The present invention relates to a method for covering the heat requirement of a building by means of a heat pump system according to the preamble of claim 1, particularly to the heating of larger building objects such as office, school or apartment buildings, factory buildings etc.

As a heat source for the heat pump evaporator, heat pumps usually use one of the ambient heat sources, such as heat from groundwater, river water or seawater, geothermal energy, geothermal heat or the heat from the outside air. However, the sole use of such ambient heat sources is often associated with problems; either they are too far away from the building to be heated, or the capacity of the available heat source is insufficient for larger building objects, or their application is too expensive. For these reasons, heat pumps have rarely been used to heat larger buildings - despite the undeniable advantages that heat pumps generally have.

To eliminate these disadvantages, the method mentioned at the outset is proposed with the characterizing features contained in patent claim 1. The present invention enables the use of heat pumps at any location and for any heating power, and this inexpensively and with a relatively high power factor. The heat pump evaporator is mainly supplied with waste heat from the building, which is continuously recirculated in a circuit via the heat pump.

Only a small part of the heat from the surroundings is used. It guarantees the required performance of the heat pump system in cases where the energy of the recovered building waste heat, plus the energy of the heat pump drive and possibly the solar energy are not sufficient to cover the heat requirement of the building alone.

According to the present invention, the building waste heat is recovered from two waste heat sources: from the waste heat escaping through the building's outer wall and from the waste heat escaping with the exhaust air.

The building waste heat escaping through the outer wall is recovered by means of pipelines in which a heat transfer fluid circulates and absorbs the building waste heat.

External wall constructions with inserted pipelines for the purpose of heat recovery are known. However, the known constructions have several disadvantages: Either the pipes are arranged in the middle of a thermal insulation layer, where they accelerate the outflow of heat from the interior of the building too much and where they are difficult to access for any repairs.

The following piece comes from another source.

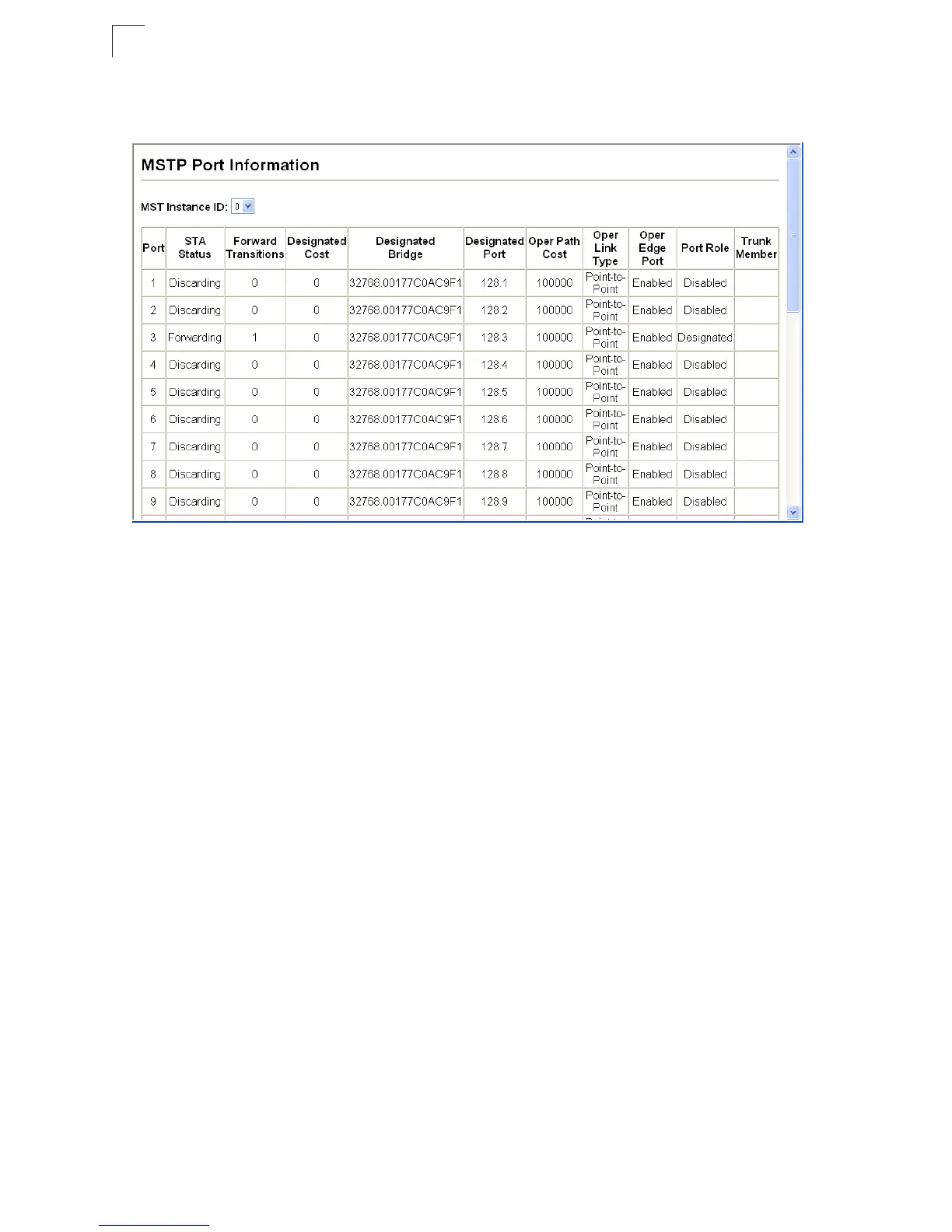 Web – Click Spanning Tree, MSTP, Port or Trunk Information. Select the required

Or the pipes are embedded directly in the outer parts of the facade, where they mainly absorb the heat from the outside air. The temperature of the outer part of the facade is lowered below the temperature of the outside air, which leads to the formation of condensate or ice and consequently damage to the facade material.

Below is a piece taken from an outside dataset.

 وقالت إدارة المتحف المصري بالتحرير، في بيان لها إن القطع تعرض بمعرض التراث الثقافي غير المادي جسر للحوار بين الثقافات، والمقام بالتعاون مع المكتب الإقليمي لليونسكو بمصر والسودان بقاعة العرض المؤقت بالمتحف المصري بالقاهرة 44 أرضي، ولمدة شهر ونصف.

According to the present invention, the heat recovery pipelines are installed between a heat insulation layer attached to the outer wall and a facade cover. There is a heat-insulating air gap between the facade cover and the thermal insulation layer. The temperature of the air flowing through this air gap is higher than the temperature of the surrounding outside air. The temperature of the pipes installed in the air gap is also higher than the temperature of the outside air, but at the same time lower than the temperature of the air contained in the air gap. Due to the temperature difference formed, the building waste heat is transferred to the pipelines and is then further transported to the heat pump evaporator by the heat transfer fluid circulating in the pipelines. The entire transport of the building waste heat through the outer wall, through the air gaps, through the pipes and with the heat transfer fluid takes place at temperatures that are always higher than the current temperature of the outside air. The acceleration of the heat flow from the inside of the building through the heat recovery will therefore only be minimal and in the course of the heat recovery there will be no condensation or ice formation and consequently no material damage in the facade or in other parts of the outer wall. If the facade cover can be removed, the pipes will also be easily accessible for any repairs. •

If the facade cover is formed as a solar energy absorber by treatment methods known per se, its temperature rises during the irradiation of the facade cover and consequently also the air temperature in the air gap. This reduces the heat loss from inside the building. At the same time, a larger amount of energy is supplied to the heat pump by the heat transfer fluid, and this at a higher temperature than in the case of the production of the building waste heat without using solar energy, so that the heat pump's coefficient of performance is increased. A glass pane can be installed in front of the solar energy absorber to increase the efficiency of the use of solar energy.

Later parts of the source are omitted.